Est-ce avant tout l’histoire d’une femme d’abord ouverte aux compromis avant de réaliser qu’elle ne doit pas en faire ?
Exactement. C’est une femme qui, à un moment donné, est prête à accepter un certain nombre de requêtes qui ne lui plaisent pas personnellement, afin de pouvoir vivre avec cet homme. Mais ensuite, non seulement elle ne veut plus faire de compromis, mais elle se créée sa propre trajectoire, elle devient un agent actif du changement, elle prend sa situation en mains, mais également celles de tout son entourage. Mahnaz créée le changement afin de sauver sa sœur, donc par extension la jeune génération iranienne.

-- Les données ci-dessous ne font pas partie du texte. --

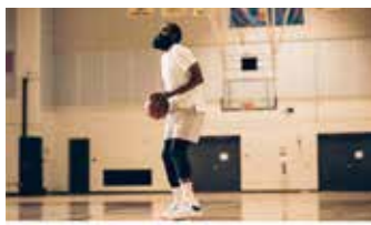
▲아디다스 하든 Vol.5의 제임스 하든

트래 영이 내년의 첫 시그니처 슈즈 출시 계획을 발표하고 난 하루 후, 아디다스가 NBA 스타 제임스 하든의 5번째 시그니처 슈즈 출시를 공개했다. 아디다스 하든 Vol.5는 아디다스가 기술력으로 무장한 최신 농구화로서 '퓨처내추럴(Future Natural)' 이라는 가장 주목할만한 기술을 적용했다. 아디다스에 따르면, 퓨처내추럴이란 "운동선수의 자연스러운
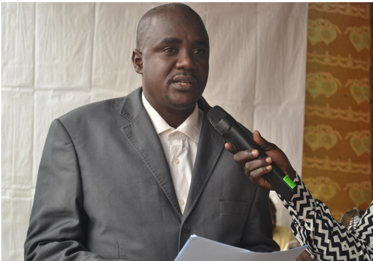
Le Chef de bureau faisant son allocution
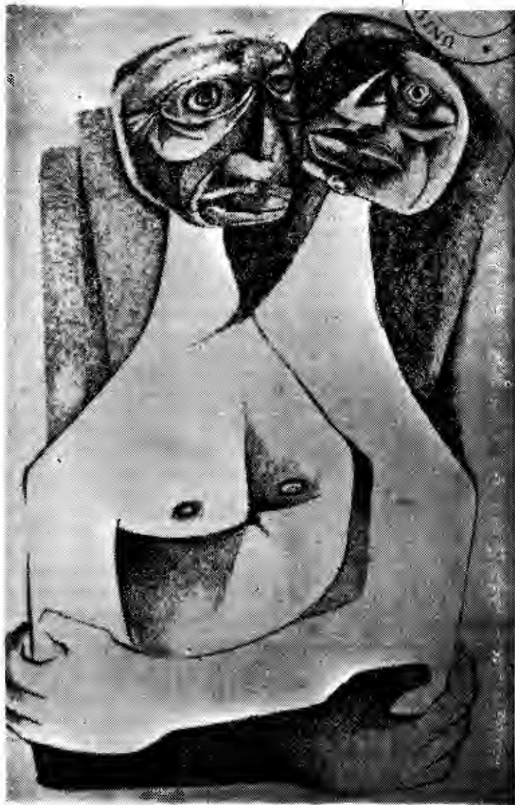
Dibujo de línea moderna, figura bicéfala, sumamente interesante

Il y a de nombreux mensonges dans le film. Comment vouliez-vous traiter cette thématique ?
C’est davantage de la dissimulation. Peut-être que dans les sociétés plus progressistes, les différences entre les sphères privée et publique sont quasi inexistantes ou qu’à minima, on arrive à comprendre de l’extérieur ce qui se passe à l’intérieur d’une famille. Dans les sociétés plus conservatrices, l’Iran incluse, il y a une différence énorme entre ce qui se passe à l’intérieur d’un foyer et ce qui se produit en dehors. Par exemple, si vous appartenez à une famille, les gens parleront des autres d’une manière dont ils ne pourraient même pas rêver en public. Je pense que cela vient du comportement culturel de l’offrande que nous avons avec tout un ensemble très codifié de politesses. Par exemple, si quelqu’un arrive chez vous à l’improviste alors que vous deviez sortir pour une urgence, vous n’allez pas lui expliquer et lui dire de revenir une autre fois. Non, vous renoncez à la chose importante que vous deviez faire et vous vous asseyez, quitte à ne rien faire, afin de ne pas être impoli.

Un autre sujet majeur du film est l’éducation ?

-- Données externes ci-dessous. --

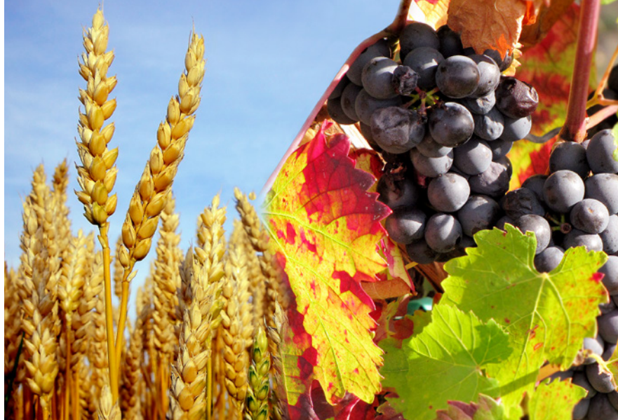
Peltojen viljasta ja vuorenrinteiden rypäleistä..

Kun he söivät otti hän leivän, luki kiitosrukouksen, mursi sen ja antoi sen heille ja sanoi: Ottakaa, tämä on minun ruumiini. ”Ja hän otti maljan, kiitti Jumalaa ja antoi sen heille, ja he kaikki joivat siitä. Hän sanoi:” Tämä on minun vereni, liiton veri joka vuodatetaan monien edestä. (Mark 14:22-24).
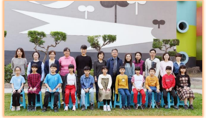
三年級孝悌楷模與師長合影
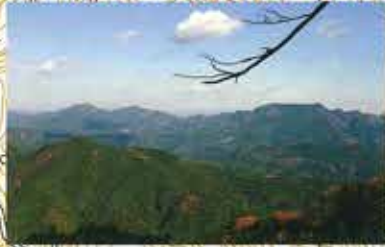
山頂からは、木々の間から北設楽部の山々を見渡すことができます。
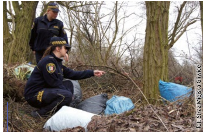
Straż Miejska często odkrywa dzikie wysypiska śmieci. Ujęcie na gorącym uczynku osób, które wyrzucają odpady tam, gdzie nie powinny jest niezwykle trudne, ale zdarza się coraz częściej

Straż Miejska systematycznie prowadzi też kontrole zarówno przedsiębiorstw, jak i posesji prywatnych z zakresu przestrzegania przepisów dotyczących gospodarki odpadami
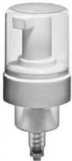
42/410 Espumadora Branca
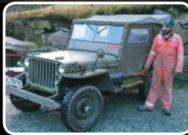
Militærjeep til hygge og nytte Les meir s. 4
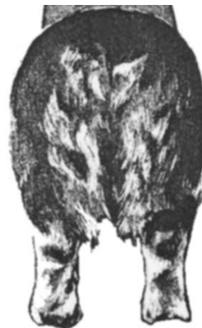
I stående skall bakbenen bakifrån sett vara raka

Absolument. En Iran, à l’école, on apprend à se connaitre soi-même et à cacher les choses car on se développe hors de portée du regard de sa famille. Dans le film, le fils, Aliyar, cache des choses à sa famille de la même manière que sa mère lui cache des choses. Le problème, c’est que les gens n’ont pas encore appris à être honnête et ils ont l’habitude de cacher ce qu’ils pensent, donc tendance à ne pas être sincère. Mais cette dissimulation est malsaine. Si vous pensez par exemple comme Mahnaz, que vous remarier alors que vous avez déjà des enfants est une erreur, vous allez quand même cacher cette pensée. Et c’est seulement quand Aliyar meurt que Mahnaz en vient à le connaitre car elle découvre ce qu’il cachait, et en le connaissant, elle va se connaitre elle-même de plus en plus.

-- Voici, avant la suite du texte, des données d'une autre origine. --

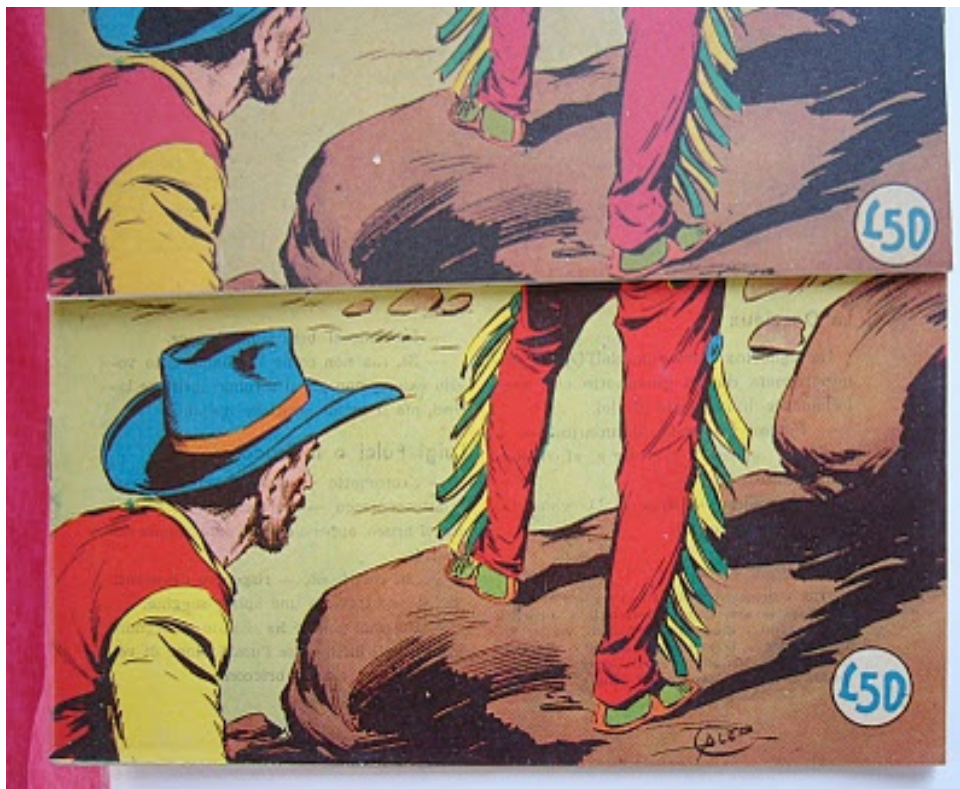
In alto: Differenze nella tonalità dei colori tra l'anastatica (sopra) e l'originale (sotto)

Una delle domande più frequenti che arriva nella posta del nostro sito è quella su come riconoscere un Albo d'Oro in versione anastatica dall'originale. Credo sia già stato detto tutto ed aggiungere informazioni può diventare superfluo se consideriamo che il parametro dirimente rimane quello della numerazione delle pagine assente nelle anastatiche: gli originali hanno infatti la numerazione delle pagine (escluso il n. 1 della prima serie) riscontrabile poi anche negli albi della serie gigante 1/29 che ne sono la raccolta. Esistendo però una gamma di anastatiche differenti l'una dall'altra (quella "ufficiale" rimane di fatto la ristampa della Piacentini, seguita da riproduzioni clandestine che si differenziano non solo per colori ma anche per sostanziali differenze tra vignette e vignette), noi riproduciamo qui un confronto tra un originale e una anastatica (clandestina), mettendo in evidenza il fatto che nell'edizione originale c'è la presenza della testatina di inizio episodio mentre nella anastatica corrispondente è assente (foto sopra).

Quelles étaient vos principales intentions de mise en scène ?
L’élément le plus important, c’est que les personnages sont toujours en mouvement. Quand ils doivent s’asseoir, c’est la caméra qui bouge de façon à ce que cela reste naturel. Pour ce film comme pour mes précédents, ce qui était vraiment important pour moi dans des espaces aussi intimes que des foyers, c’est que ce sont toujours des espaces très restreints où les personnages se voient en permanence les uns les autres à courte distance. Ils ne se voient pas évidemment en plan large et cela signifie, car ce n’est pas simplement une question de regard, connaitre tout le monde très intiment, tout comprendre sur chacun d’eux, leurs secrets. C’est pour cette raison et pour donner ce sens de l’intimité et de la connaissance qu’à l’intérieur de l’appartement familial, on voit toujours les personnages en plan moyen ou en gros plan.